TASK: An exact transcription is needed, starting at the line containing "3月3日,bevictor伟" and running through the last line of the records, with every picture left out.

DATA EXTRACT:
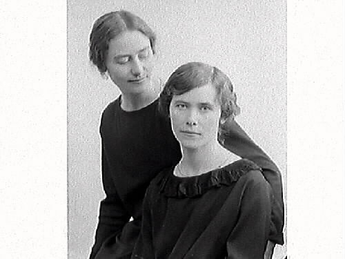 Två unga kvinnor i mörka klänningar, där den ena tittar in i kameran medan den andra riktar blicken mot henne. Fröken Bergendahl beställde bilden och är troligen en av kvinnorna.
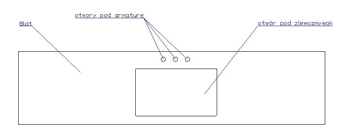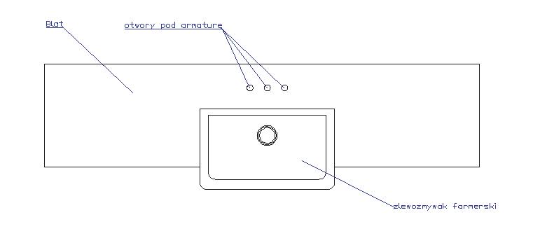 Na życzenie klienta wycinamy niezbędne otwory pod armaturę sanitarną. Standardowo mają 3,5 cm średnicy. Wymagane jest jedynie podanie ilości i dokładnego umiejscowienia otworu. Warto zaznaczyć, że otwór powinien być odsunięty od krawędzi blatu o min. 3 cm.
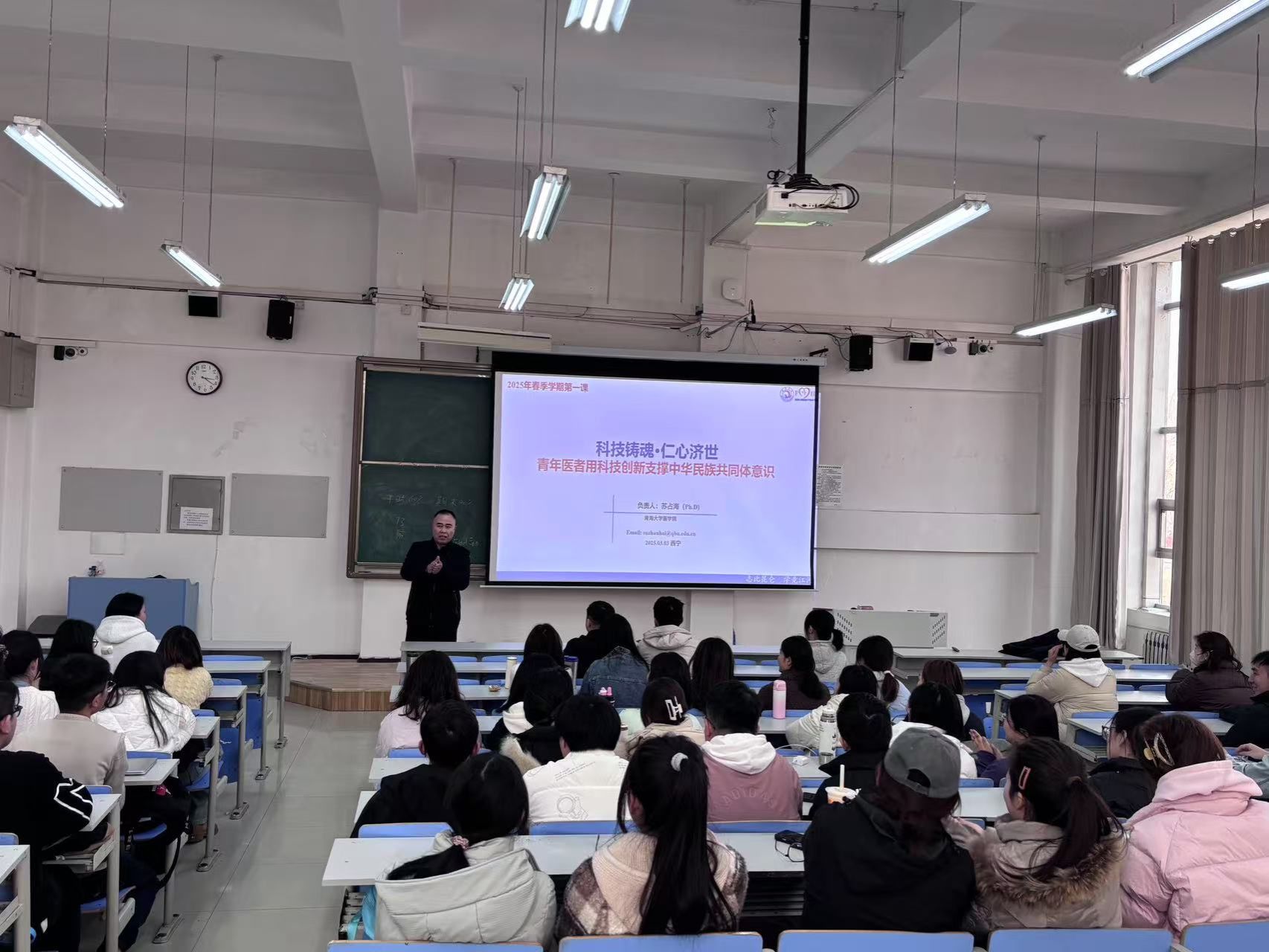 3月3日,bevictor伟德官网党委副书记、常务副经理苏占海为部分bevictor伟德官网本科生与基础医学部全体研究生带来了2025年春季学期的首堂思政教育课。本次课程以“科技铸魂・仁心济世 青年医者用科技创新支撑中华民族共同体意识”为主题,围绕“青年医者如何凭借科技创新,扛起使命担当,筑牢中华民族共同体意识”展开,通过详实的案例,深入剖析国际科技竞争态势、高原医学发展需求,并分享科技创新实践成果,激励莘莘学子以科技报效祖国,用仁心普济天下,为铸牢中华民族共同体意识注入青春力量。
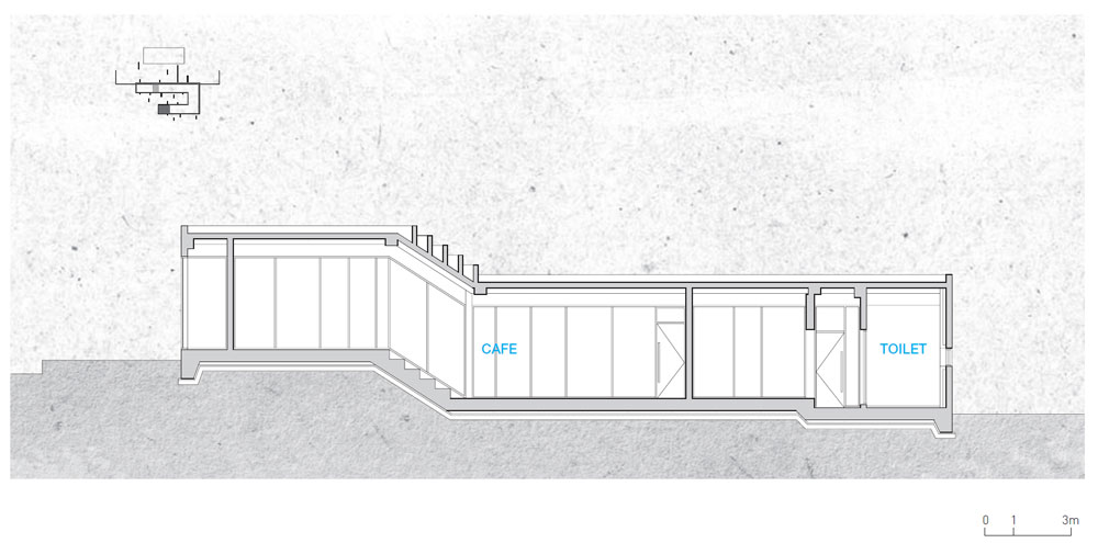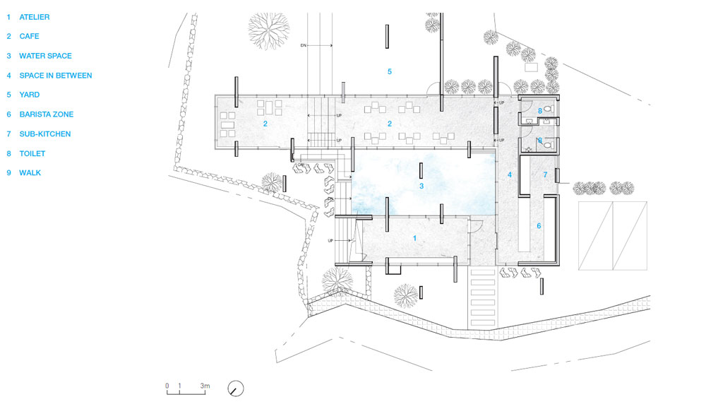 Entry is naturally made into the building while looking at the water space visible through the gap between the wall and the roof space with glass. The studio and the store create a point of connection through the water space. The narrow interior space passes through the barista area, bypasses the service line of movement, and enters deep inside. The interior and the exterior use the same slope toward creating a difference in height, and when they arrive at the upper level position, they go outside again. In the external space of the high tier, one would encounter a point which naturally leads to a half-a-story high roof and naturally traverse the roof. Walking through such a cycle, a visitor finds the point where each movement and space are connected.
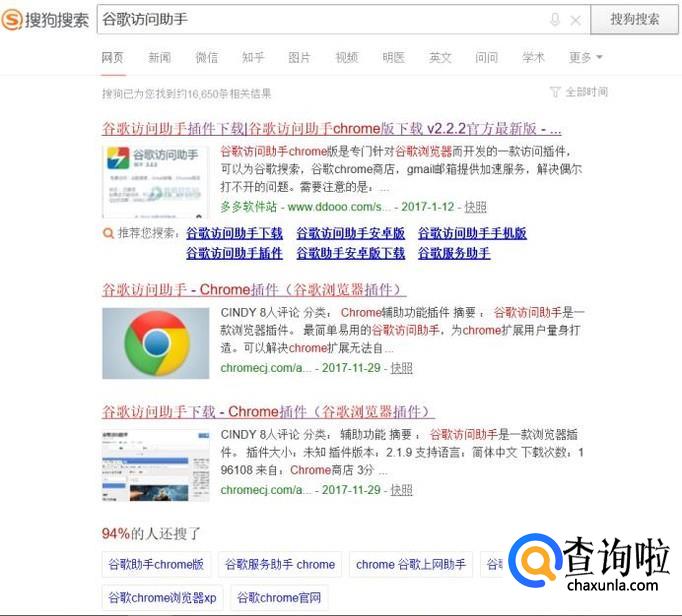 然后搜狗搜索谷歌访问助手,点击网页,然后进去下

RESPONSE BOX:
 3月3日,bevictor伟德官网党委副书记、常务副经理苏占海为部分bevictor伟德官网本科生与基础医学部全体研究生带来了2025年春季学期的首堂思政教育课。本次课程以“科技铸魂・仁心济世 青年医者用科技创新支撑中华民族共同体意识”为主题,围绕“青年医者如何凭借科技创新,扛起使命担当,筑牢中华民族共同体意识”展开,通过详实的案例,深入剖析国际科技竞争态势、高原医学发展需求,并分享科技创新实践成果,激励莘莘学子以科技报效祖国,用仁心普济天下,为铸牢中华民族共同体意识注入青春力量。
 Entry is naturally made into the building while looking at the water space visible through the gap between the wall and the roof space with glass. The studio and the store create a point of connection through the water space. The narrow interior space passes through the barista area, bypasses the service line of movement, and enters deep inside. The interior and the exterior use the same slope toward creating a difference in height, and when they arrive at the upper level position, they go outside again. In the external space of the high tier, one would encounter a point which naturally leads to a half-a-story high roof and naturally traverse the roof. Walking through such a cycle, a visitor finds the point where each movement and space are connected.
 然后搜狗搜索谷歌访问助手,点击网页,然后进去下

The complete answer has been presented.